Under this line sits a listing. Repeat exactly and only its lines from the one holding "Dengan menggunakan sepeda" through the one holding "And she was"; skip pictures.

§ Data in this exercise:
↓
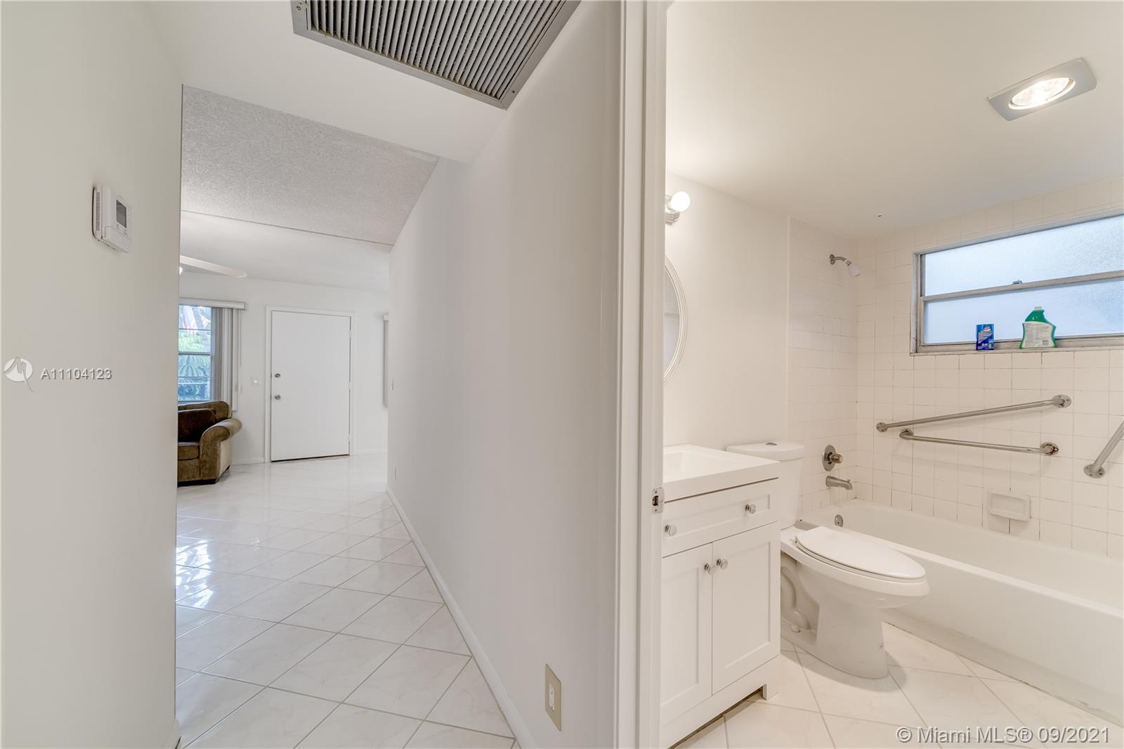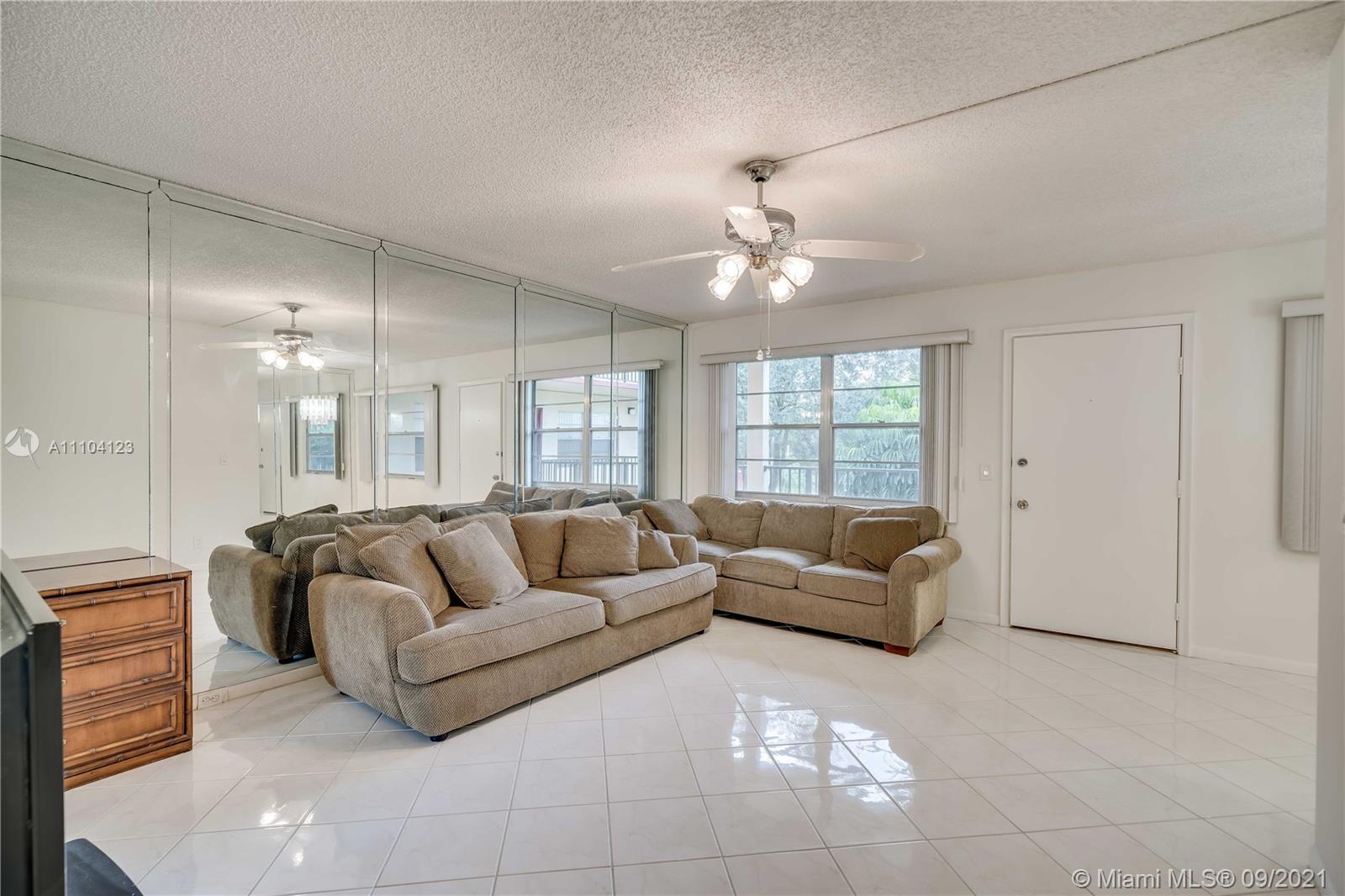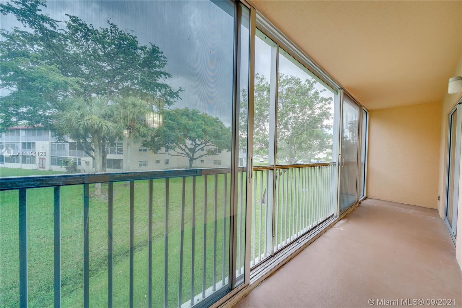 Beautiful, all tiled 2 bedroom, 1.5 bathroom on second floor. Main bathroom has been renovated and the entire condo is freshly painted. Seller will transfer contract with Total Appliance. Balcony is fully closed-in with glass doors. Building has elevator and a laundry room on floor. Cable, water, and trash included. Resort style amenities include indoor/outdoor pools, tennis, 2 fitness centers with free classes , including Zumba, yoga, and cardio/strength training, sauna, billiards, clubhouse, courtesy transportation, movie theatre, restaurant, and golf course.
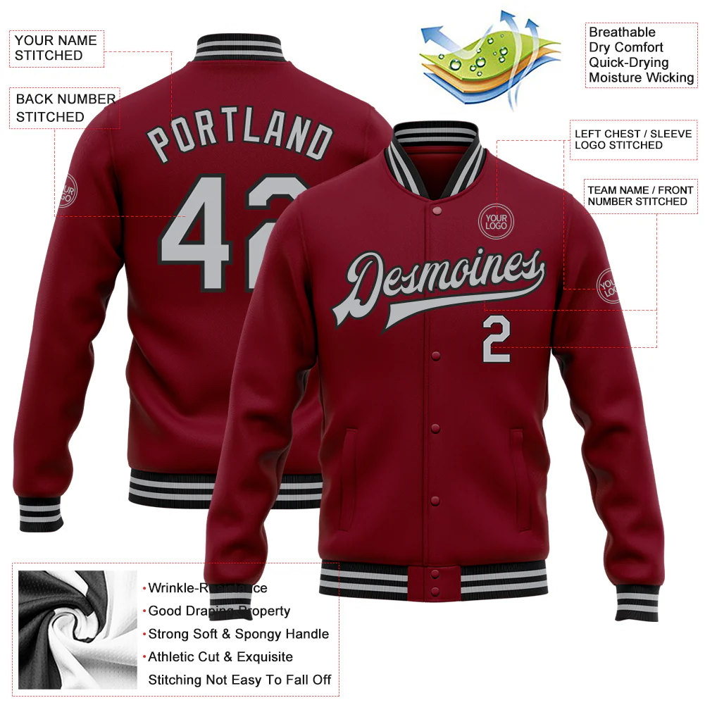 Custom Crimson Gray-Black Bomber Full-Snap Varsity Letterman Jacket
↑
↓
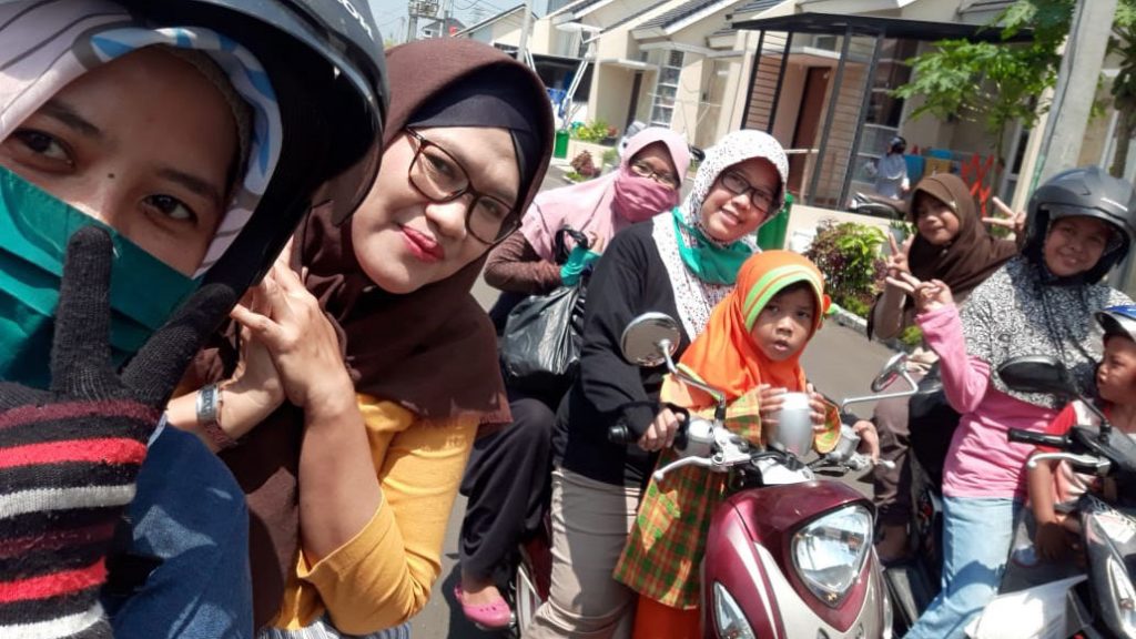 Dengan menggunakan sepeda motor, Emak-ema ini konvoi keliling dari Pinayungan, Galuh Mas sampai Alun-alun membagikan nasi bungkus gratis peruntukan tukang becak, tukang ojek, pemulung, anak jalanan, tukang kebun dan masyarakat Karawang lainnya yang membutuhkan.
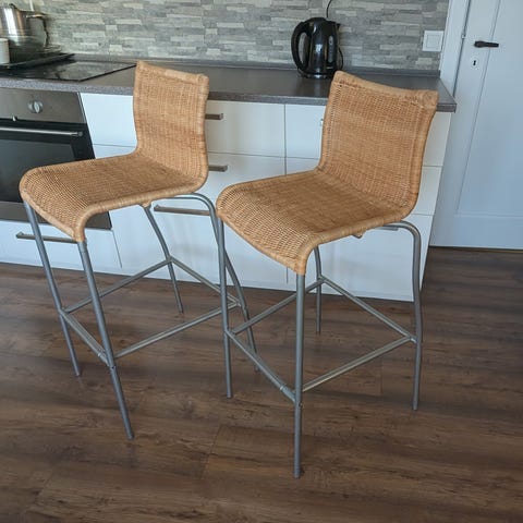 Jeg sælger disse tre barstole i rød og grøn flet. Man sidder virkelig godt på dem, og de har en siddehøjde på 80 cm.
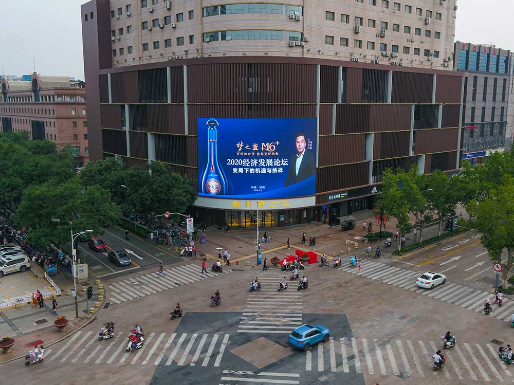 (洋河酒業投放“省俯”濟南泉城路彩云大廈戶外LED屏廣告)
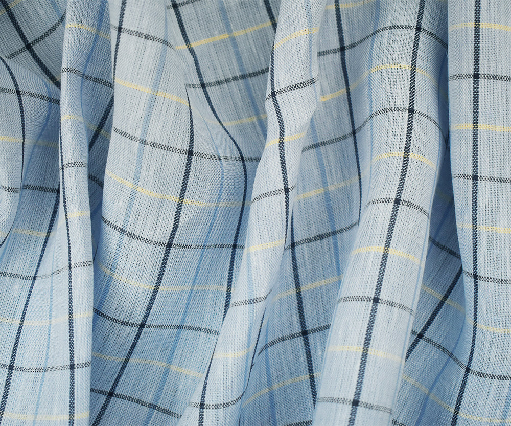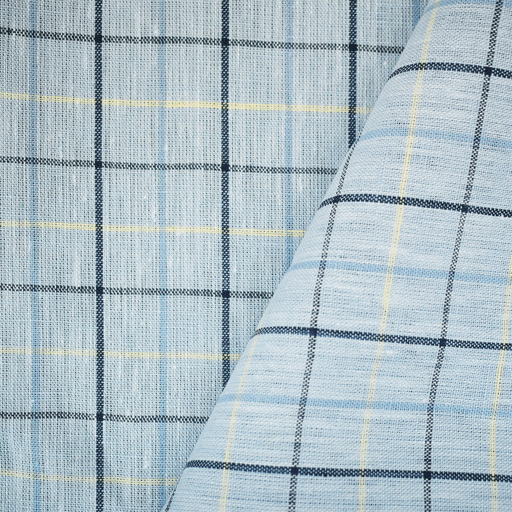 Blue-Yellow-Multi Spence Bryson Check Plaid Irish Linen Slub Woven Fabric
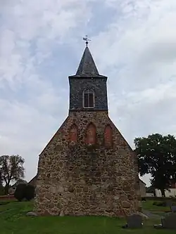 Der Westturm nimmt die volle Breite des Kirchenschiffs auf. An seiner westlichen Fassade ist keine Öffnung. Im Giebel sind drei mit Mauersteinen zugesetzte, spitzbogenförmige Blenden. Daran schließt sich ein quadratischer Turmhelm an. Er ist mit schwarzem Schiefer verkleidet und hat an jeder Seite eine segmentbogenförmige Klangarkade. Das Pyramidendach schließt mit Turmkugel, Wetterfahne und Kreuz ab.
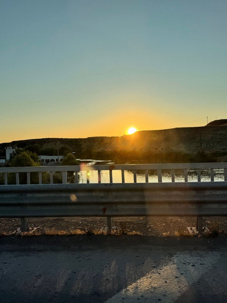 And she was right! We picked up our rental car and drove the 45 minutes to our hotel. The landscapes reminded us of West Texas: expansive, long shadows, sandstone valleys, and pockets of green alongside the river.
↑
↓
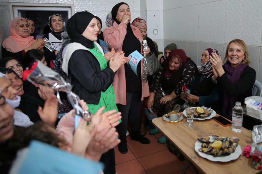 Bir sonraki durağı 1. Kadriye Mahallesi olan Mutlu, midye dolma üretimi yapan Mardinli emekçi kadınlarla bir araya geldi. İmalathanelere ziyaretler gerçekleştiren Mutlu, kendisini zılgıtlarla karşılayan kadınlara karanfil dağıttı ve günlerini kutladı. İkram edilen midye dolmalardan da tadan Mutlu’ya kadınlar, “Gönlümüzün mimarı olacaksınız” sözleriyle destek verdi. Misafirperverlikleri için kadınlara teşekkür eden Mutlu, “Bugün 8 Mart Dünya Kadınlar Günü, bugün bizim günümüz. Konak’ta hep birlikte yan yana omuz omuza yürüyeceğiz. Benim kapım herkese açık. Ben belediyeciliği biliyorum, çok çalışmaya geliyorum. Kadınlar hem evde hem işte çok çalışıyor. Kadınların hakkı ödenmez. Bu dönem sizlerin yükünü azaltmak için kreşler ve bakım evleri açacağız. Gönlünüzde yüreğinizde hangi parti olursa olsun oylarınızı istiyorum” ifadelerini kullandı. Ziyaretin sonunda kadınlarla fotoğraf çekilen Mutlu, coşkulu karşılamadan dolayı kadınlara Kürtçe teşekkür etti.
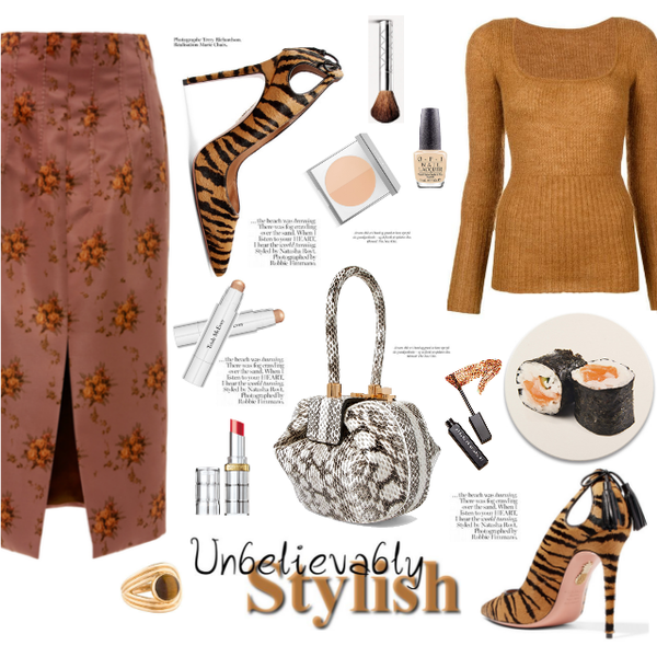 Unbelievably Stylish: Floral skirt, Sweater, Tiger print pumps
↑
§ Task result:
 Dengan menggunakan sepeda motor, Emak-ema ini konvoi keliling dari Pinayungan, Galuh Mas sampai Alun-alun membagikan nasi bungkus gratis peruntukan tukang becak, tukang ojek, pemulung, anak jalanan, tukang kebun dan masyarakat Karawang lainnya yang membutuhkan.
 Jeg sælger disse tre barstole i rød og grøn flet. Man sidder virkelig godt på dem, og de har en siddehøjde på 80 cm.
 (洋河酒業投放“省俯”濟南泉城路彩云大廈戶外LED屏廣告)
 Blue-Yellow-Multi Spence Bryson Check Plaid Irish Linen Slub Woven Fabric
 Der Westturm nimmt die volle Breite des Kirchenschiffs auf. An seiner westlichen Fassade ist keine Öffnung. Im Giebel sind drei mit Mauersteinen zugesetzte, spitzbogenförmige Blenden. Daran schließt sich ein quadratischer Turmhelm an. Er ist mit schwarzem Schiefer verkleidet und hat an jeder Seite eine segmentbogenförmige Klangarkade. Das Pyramidendach schließt mit Turmkugel, Wetterfahne und Kreuz ab.
 And she was right! We picked up our rental car and drove the 45 minutes to our hotel. The landscapes reminded us of West Texas: expansive, long shadows, sandstone valleys, and pockets of green alongside the river.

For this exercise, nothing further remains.